Nach einigem Zögern verzichtete Eggler auf eine weitere Seilschaft zum Everest. Der Monsun war im Anzug, und ein Abstieg erwies sich als vorsichtiger und klüger. Luchsinger, Reiss, Müller und Leuthold stiegen noch zum Südsattel auf, dann trat die ganze Equipe den Abstieg zum Basislager an, wo alle am 29. Mai gesund eintrafen. Das grosse Abenteuer war damit zu Ende.

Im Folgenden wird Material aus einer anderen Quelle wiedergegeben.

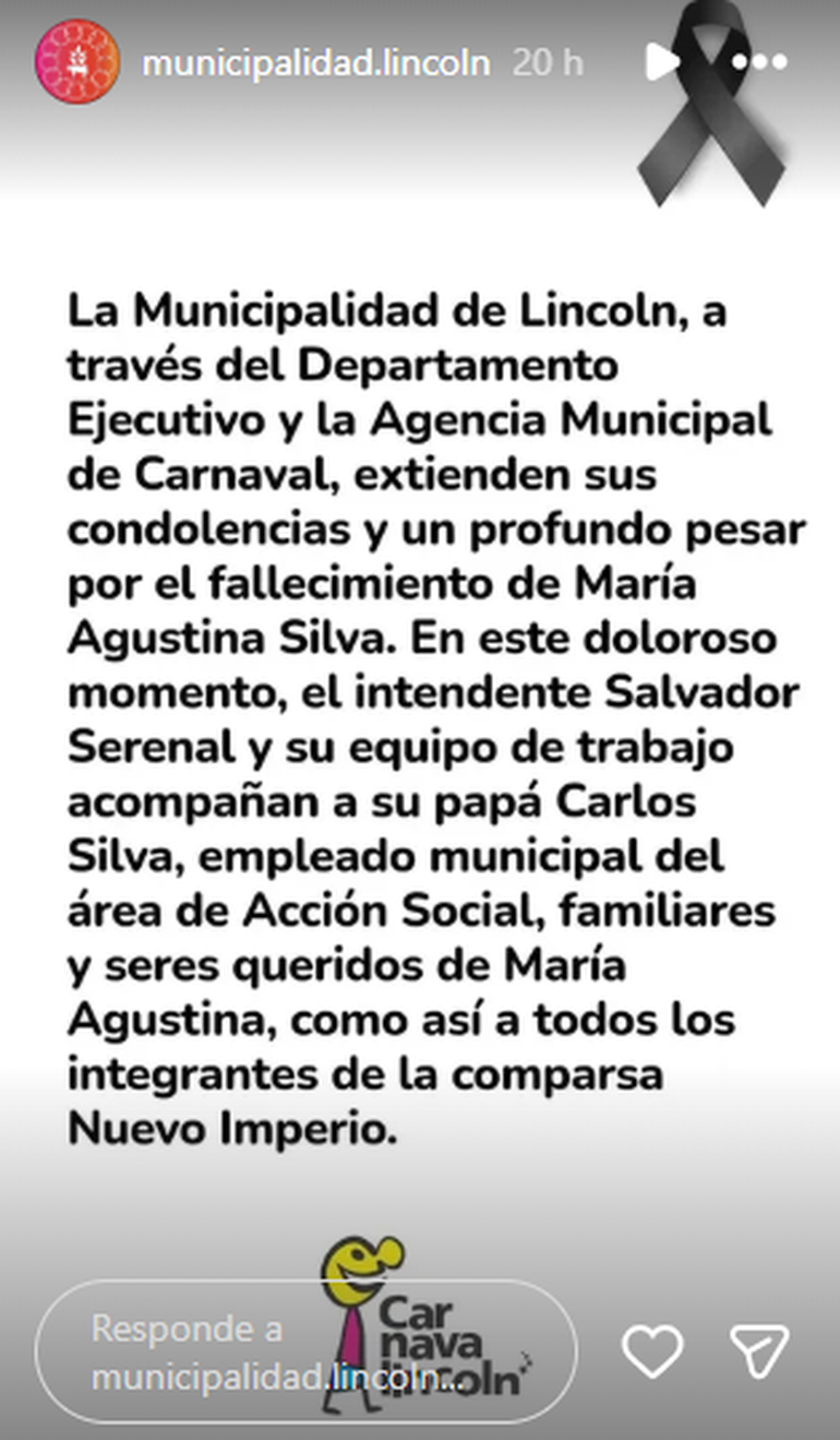 Desde la comparsa también se hicieron eco de la noticia y, a través de sus redes sociales, despidieron a Agustina y acompañaron a sus seres queridos.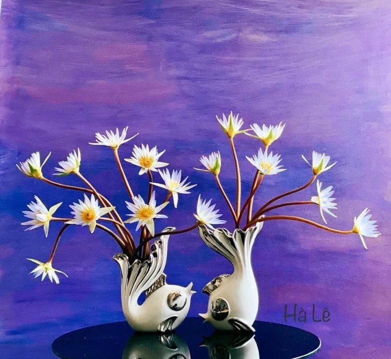 Chị Hà bộc bạch bản thân phải lòng hoa súng từ lâu vì vẻ đẹp thanh tao và hương thơm nhẹ nhàng. Thế nhưng việc chinh phục loại hoa này không hề dễ dàng. Có lần, một người cắm hoa dày dặn kinh nghiệm như chị Hà cũng lỡ hẹn khi cắm hoa súng King of Siam.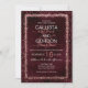The elegant, glamourous, and modern wedding invitation is perfect for the contemporary and stylish event. It features a faux printed pink rose gold sparkly glitter sprinkled confetti border on top of an artsy burgundy red watercolor background. The back displays the same glitter but sprinkled across the whole page with the watercolor background. This chic, luxury, and unique design will be a hit with all of your guests!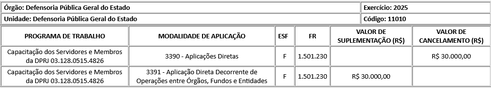 Art. 1º - Fica parcialmente alterado, na forma do Anexo, o Quadro de Detalhamento das Despesas da Defensoria Pública do Estado do Rio de Janeiro para o exercício financeiro de 2025.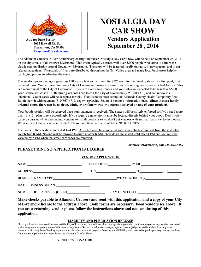 NOSTALGIA DAY CAR SHOW Vendors Application September 28, 2014, App to: Dave Pastor 3613 Hawaii Ct. So. Pleasant on, CA 94588 Trapdoor45 yahoo.com The Lamont Cruisers Silver Anniversary charity fundraiser,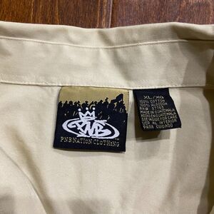 PNB Nation Vintage Y2K Tan Blue Button Down Shirt Cotton Men's Size Extra Large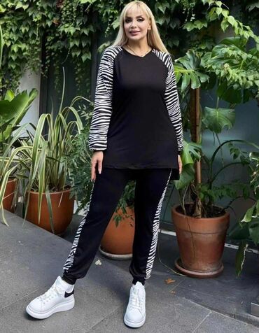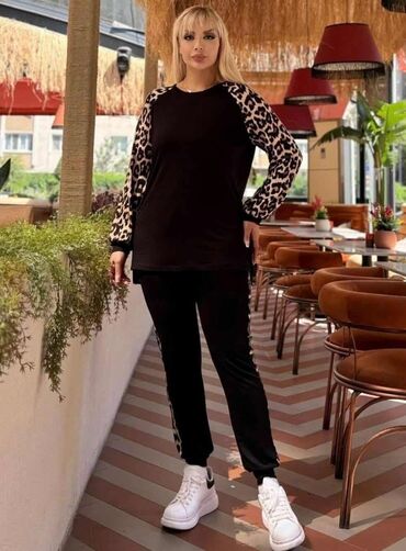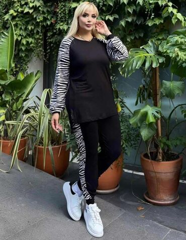 - Donji dio: uske trenerke sa elastičnim pojasom i zategnutim rubom na nogavicama; bočne trake u istom printu kao rukavi (leopard ili zebra) vizuelno izdužuju noge.

Abgesehen von den paar Krankheitsfällen während des Anmarsches, stand die Expedition unter einem guten Stern. Sie hatte ein seltenes Glück mit dem Wetter. Die guten Resultate verdankt sie aber vor allem der sorgfältigen Organisation, der tüchtigen Führung und nicht zuletzt dem guten Geist und Zusammenhalt der gesamten Mannschaft. Es war eine der erfolgreichsten Expeditionen in der Geschichte des Himalaya. Die Stiftung hat damit ein Programm zum glücklichen Abschluss gebracht, an dem sie fünf Jahre lang zäh gearbeitet hat.